Let's see what these look like:

docker exec -it postgres-lab ls /var/lib/postgresql/data/pg_wal
000000010000000000000004  000000010000000000000005  archive_status
docker exec -it postgres-lab pg_waldump -f 000000010000000000000004
...
rmgr: XLOG        len (rec/tot):    114/   114, tx:          0, lsn: 0/0409F040, prev 0/0409F008, desc: CHECKPOINT_ONLINE redo 0/409F008; tli 1; prev tli 1; fpw true; xid 0:122669; oid 33216; multi 1; offset 0; oldest xid 727 in DB 1; oldest multi 1 in DB 1; oldest/newest commit timestamp xid: 0/0; oldest running xid 122669; online
rmgr: Standby     len (rec/tot):     50/    50, tx:          0, lsn: 0/0409F0B8, prev 0/0409F040, desc: RUNNING_XACTS nextXid 122669 latestCompletedXid 122668 oldestRunningXid 122669

Let us try interrupting the database operations now to see how that is handled. We'll run a longer benchmark, and while that is running, forcefully terminate the Postgres container

curl "http://localhost:8080/benchmark?count=10000"
docker kill postgres-lab # In a different terminal
{"timestamp":"2022-07-13T20:12:19.398+00:00","status":500,"error":"Internal Server Error","path":"/benchmark"}

If you start up the container again and view the Postgres logs, you'll be able to see that the system has automatically recovered from where it had crashed.

docker start postgres-lab
docker logs postgres-lab
...
2022-07-13 20:26:08.787 UTC [1] LOG:  starting PostgreSQL 14.4 (Ubuntu 14.4-0ubuntu0.22.04.1) on x86_64-pc-linux-gnu, compiled by gcc (Ubuntu 11.2.0-19ubuntu1) 11.2.0, 64-bit
2022-07-13 20:26:08.788 UTC [1] LOG:  listening on IPv4 address "0.0.0.0", port 5432
2022-07-13 20:26:08.788 UTC [1] LOG:  listening on IPv6 address "::", port 5432
2022-07-13 20:26:08.801 UTC [1] LOG:  listening on Unix socket "/var/run/postgresql/.s.PGSQL.5432"
2022-07-13 20:26:08.816 UTC [26] LOG:  database system was interrupted; last known up at 2022-07-13 20:10:25 UTC
2022-07-13 20:26:08.916 UTC [26] LOG:  database system was not properly shut down; automatic recovery in progress
2022-07-13 20:26:08.945 UTC [26] LOG:  redo starts at 0/41C3270
2022-07-13 20:26:08.966 UTC [26] LOG:  invalid record length at 0/42C7730: wanted 24, got 0
2022-07-13 20:26:08.966 UTC [26] LOG:  redo done at 0/42C7708 system usage: CPU: user: 0.01 s, system: 0.00 s, elapsed: 0.02 s
2022-07-13 20:26:09.046 UTC [1] LOG:  database system is ready to accept connections

And let us see just how much of the application client data was lost due to this "crash"
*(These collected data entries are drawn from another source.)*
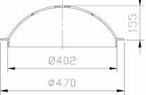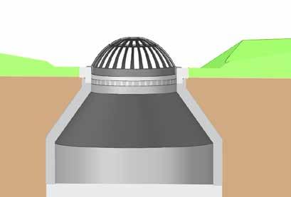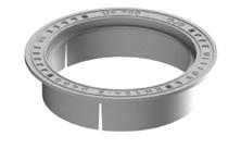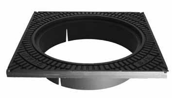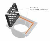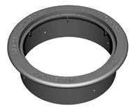 Avslutningsring i fleksibelt materiale tilpasset Ø650 mm betongkjegler/ringer med fals-skjøt. Avslutningsringen har ”utsparing” for UFNS/UFNS-H rammens kne. Unngå skader på betongkjegler/ringer.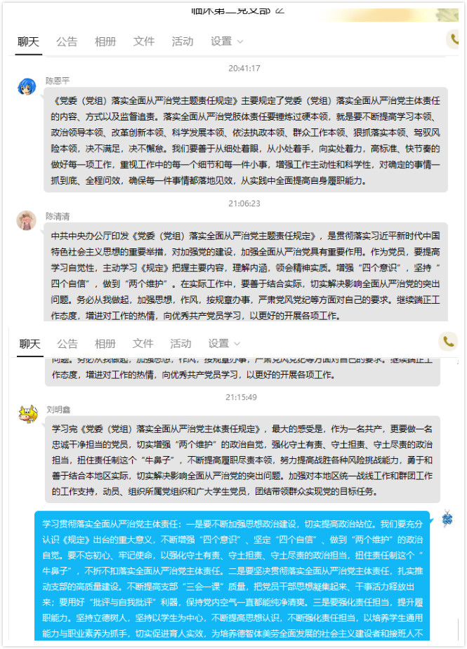 通過(guò)認(rèn)真自學(xué)并研讀文件,黨員同志們針對(duì)學(xué)習(xí)紛紛發(fā)表心得體會(huì),在線上展開討論。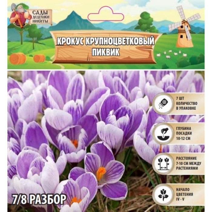 Крокус крупноцветковый Пиквик, р-р 7/8, 7 шт, Осень 2024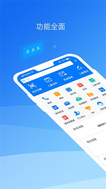 智能化的人脉管理中心,配备多种实用小工具图标,可快速对联系人资料进行编辑、备注等个性化管理;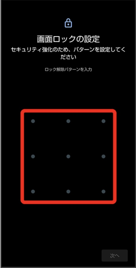 Step2:画面ロックの選択画面で、「パターン」を選択します。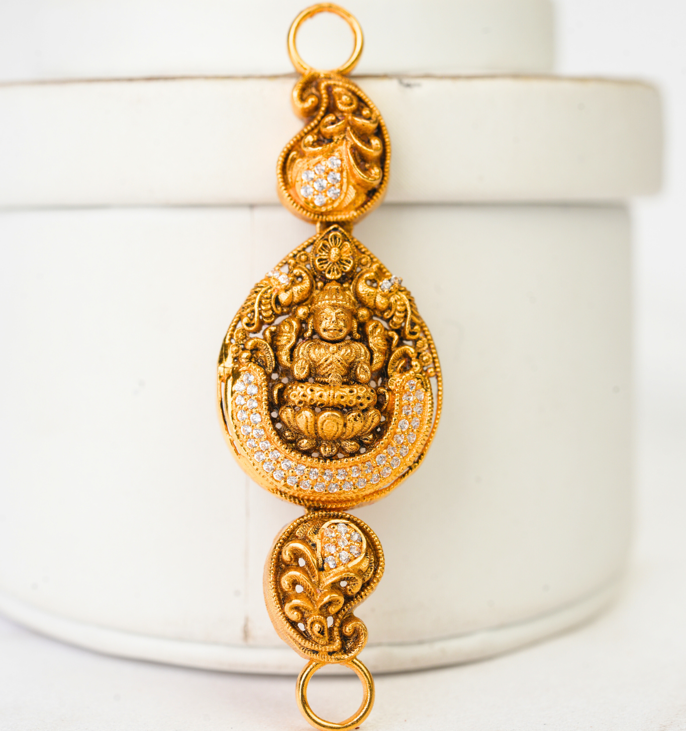 Elegantly designed in pure 22Kt gold, this 3.934-gram Ladies Mugappu adds a graceful charm to your traditional thali chain. With intricate craftsmanship and a timeless appeal, it enhances your ethnic style with a touch of tradition. Exclusively available at Sri Swarnambigai Jewellers.

# trace server logs from IntelliJ at the point of crash
...
Hibernate: insert into haystack (uuid, value) values (?, ?)
2022-07-13 15:30:02.743 TRACE 39131 --- [nio-8080-exec-1] o.h.type.descriptor.sql.BasicBinder      : binding parameter [1] as [OTHER] - [b4bfcc8b-223c-4013-90b7-2c0cc5605e40]
2022-07-13 15:30:02.743 TRACE 39131 --- [nio-8080-exec-1] o.h.type.descriptor.sql.BasicBinder      : binding parameter [2] as [VARCHAR] - [hay]
Hibernate: insert into haystackuuid (uuid) values (?)
2022-07-13 15:30:02.751 TRACE 39131 --- [nio-8080-exec-1] o.h.type.descriptor.sql.BasicBinder      : binding parameter [1] as [OTHER] - [b4bfcc8b-223c-4013-90b7-2c0cc5605e40]
2022-07-13 15:30:02.760  WARN 39131 --- [nio-8080-exec-1] com.zaxxer.hikari.pool.ProxyConnection   : HikariPool-1 - Connection org.postgresql.jdbc.PgConnection@6d88415f marked as broken because of SQLSTATE(57P01), ErrorCode(0)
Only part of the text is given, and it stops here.